Start of Data listing

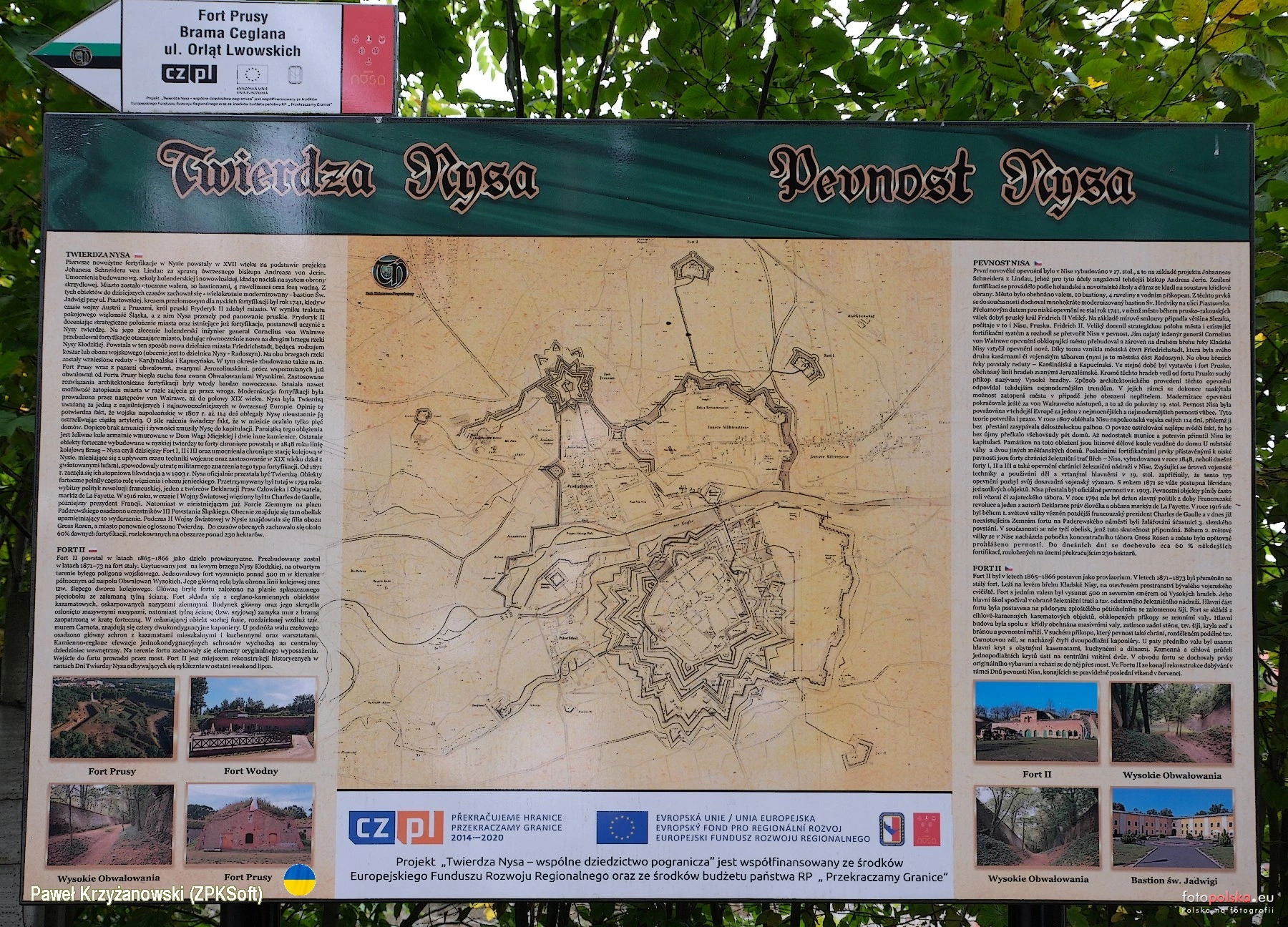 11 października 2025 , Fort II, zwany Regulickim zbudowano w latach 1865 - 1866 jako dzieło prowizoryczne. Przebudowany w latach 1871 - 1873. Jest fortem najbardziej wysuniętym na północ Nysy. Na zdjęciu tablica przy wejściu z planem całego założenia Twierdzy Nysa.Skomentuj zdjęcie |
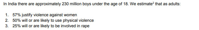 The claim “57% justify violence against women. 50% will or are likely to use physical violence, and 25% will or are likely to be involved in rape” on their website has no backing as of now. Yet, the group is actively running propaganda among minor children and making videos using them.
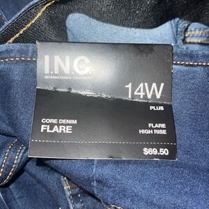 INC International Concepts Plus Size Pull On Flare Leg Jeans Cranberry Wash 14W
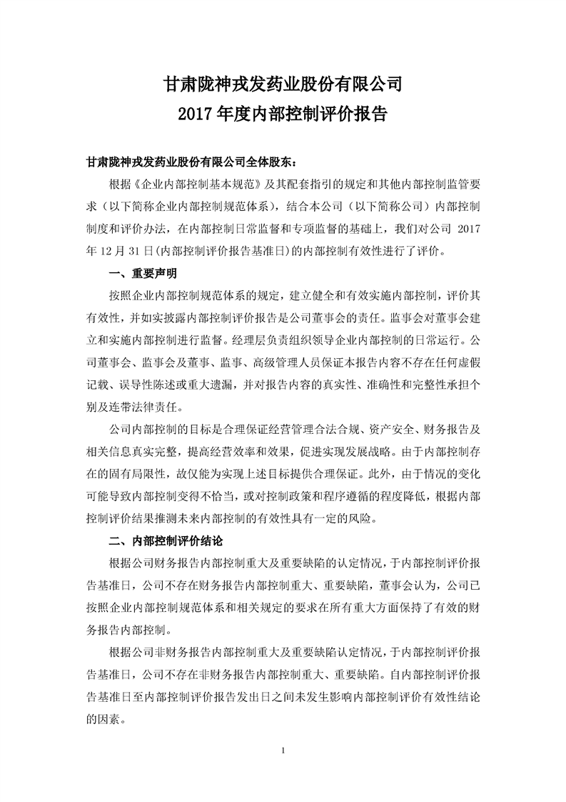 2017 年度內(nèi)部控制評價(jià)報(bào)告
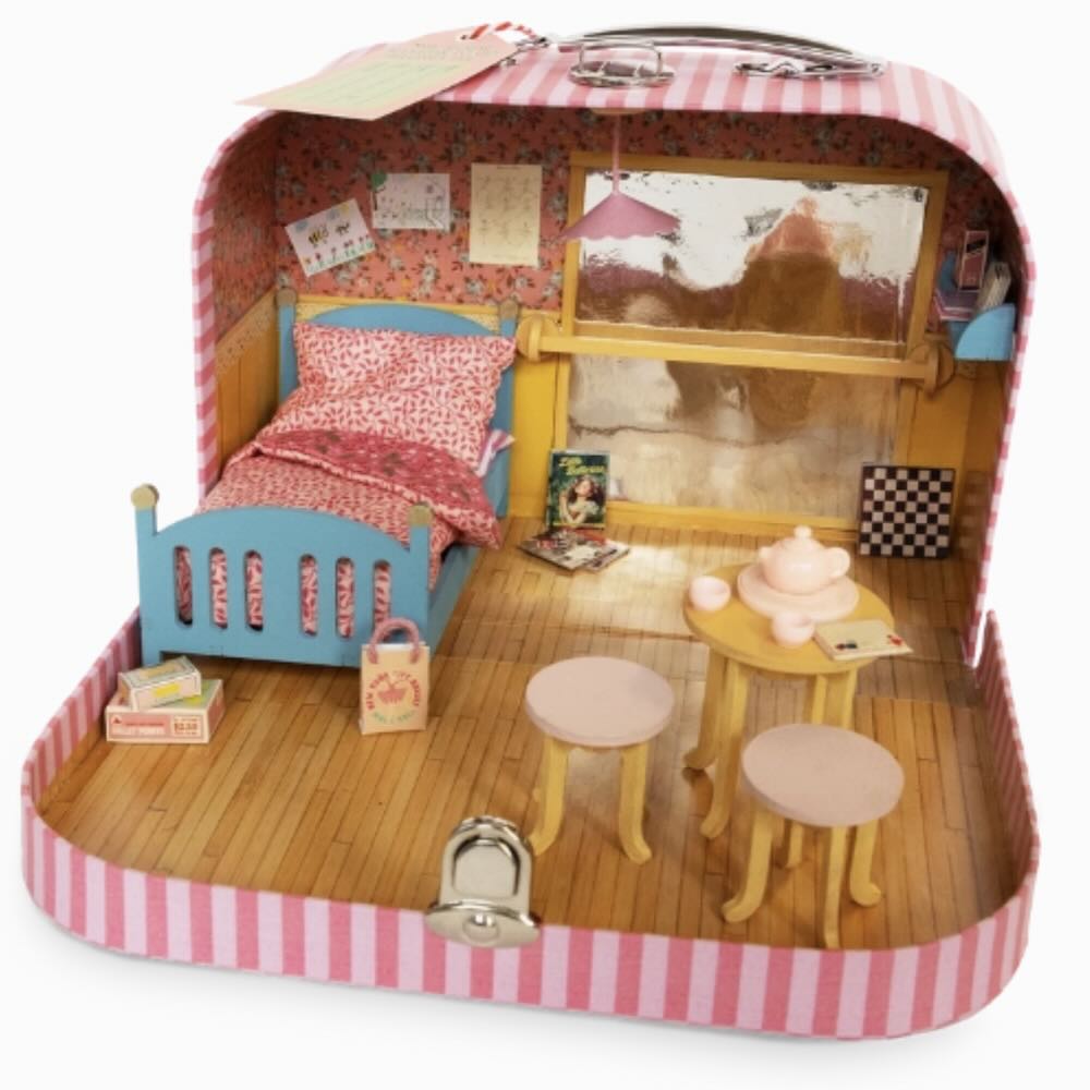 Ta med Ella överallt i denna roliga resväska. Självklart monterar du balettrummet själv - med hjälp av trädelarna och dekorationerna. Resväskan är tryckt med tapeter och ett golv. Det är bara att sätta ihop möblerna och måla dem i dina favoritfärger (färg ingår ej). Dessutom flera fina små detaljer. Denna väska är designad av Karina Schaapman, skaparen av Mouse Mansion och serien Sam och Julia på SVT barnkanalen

End of Data listing
Start of Data listing

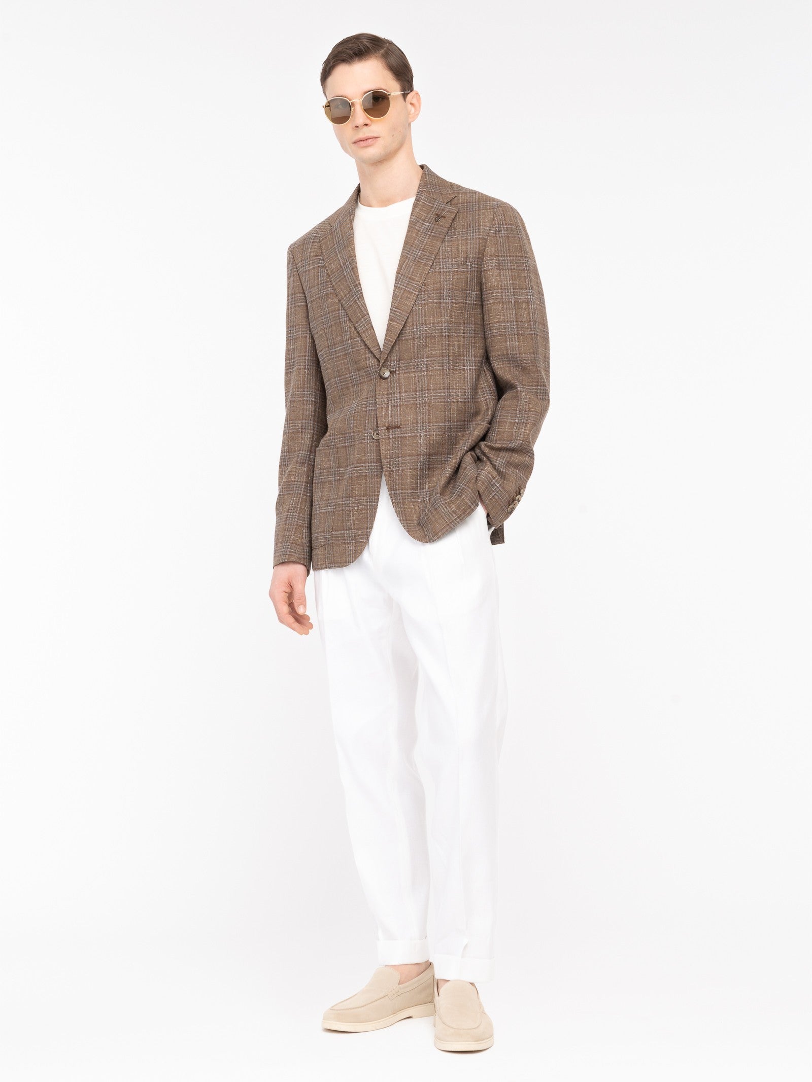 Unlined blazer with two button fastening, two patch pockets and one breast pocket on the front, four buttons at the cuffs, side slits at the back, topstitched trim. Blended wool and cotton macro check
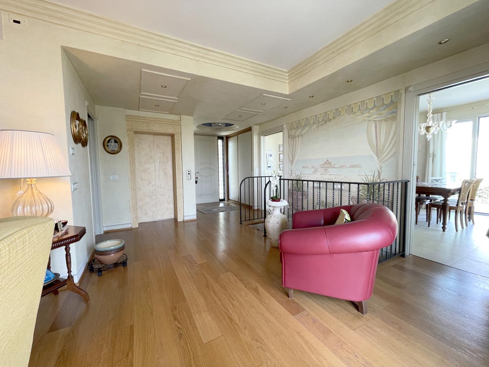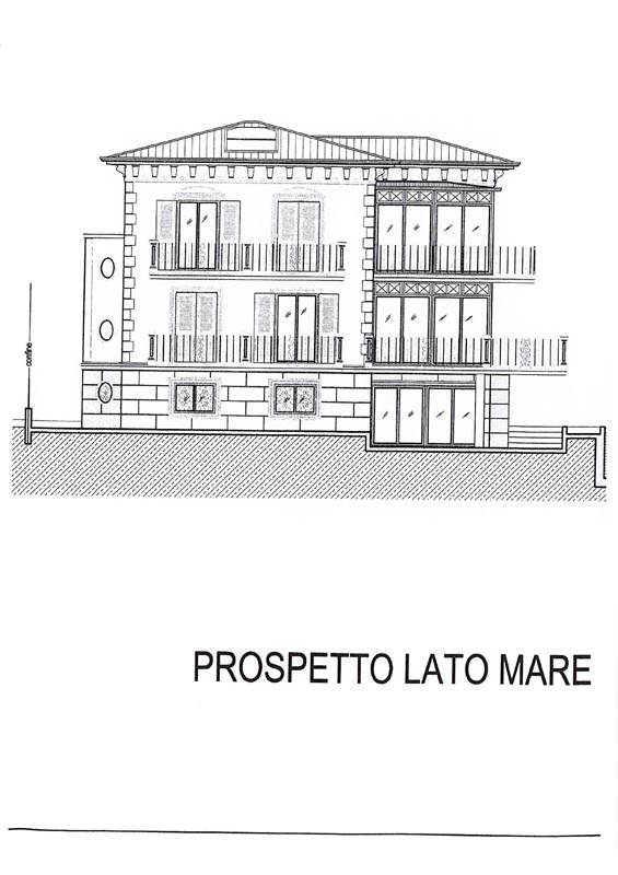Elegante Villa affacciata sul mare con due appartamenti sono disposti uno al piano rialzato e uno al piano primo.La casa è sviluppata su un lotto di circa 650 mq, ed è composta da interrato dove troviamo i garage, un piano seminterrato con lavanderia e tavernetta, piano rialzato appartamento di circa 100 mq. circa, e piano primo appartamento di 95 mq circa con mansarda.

End of Data listing

Write back the stretch of lines above that begins with the line holding "11 października 2025" and ends with the line holding "2017 年度內(nèi)部控制評價(jià)報(bào)告", both included, exactly as written. Pictures stay out.

**Solution for this task**
 11 października 2025 , Fort II, zwany Regulickim zbudowano w latach 1865 - 1866 jako dzieło prowizoryczne. Przebudowany w latach 1871 - 1873. Jest fortem najbardziej wysuniętym na północ Nysy. Na zdjęciu tablica przy wejściu z planem całego założenia Twierdzy Nysa.Skomentuj zdjęcie |
 The claim “57% justify violence against women. 50% will or are likely to use physical violence, and 25% will or are likely to be involved in rape” on their website has no backing as of now. Yet, the group is actively running propaganda among minor children and making videos using them.
 INC International Concepts Plus Size Pull On Flare Leg Jeans Cranberry Wash 14W
 2017 年度內(nèi)部控制評價(jià)報(bào)告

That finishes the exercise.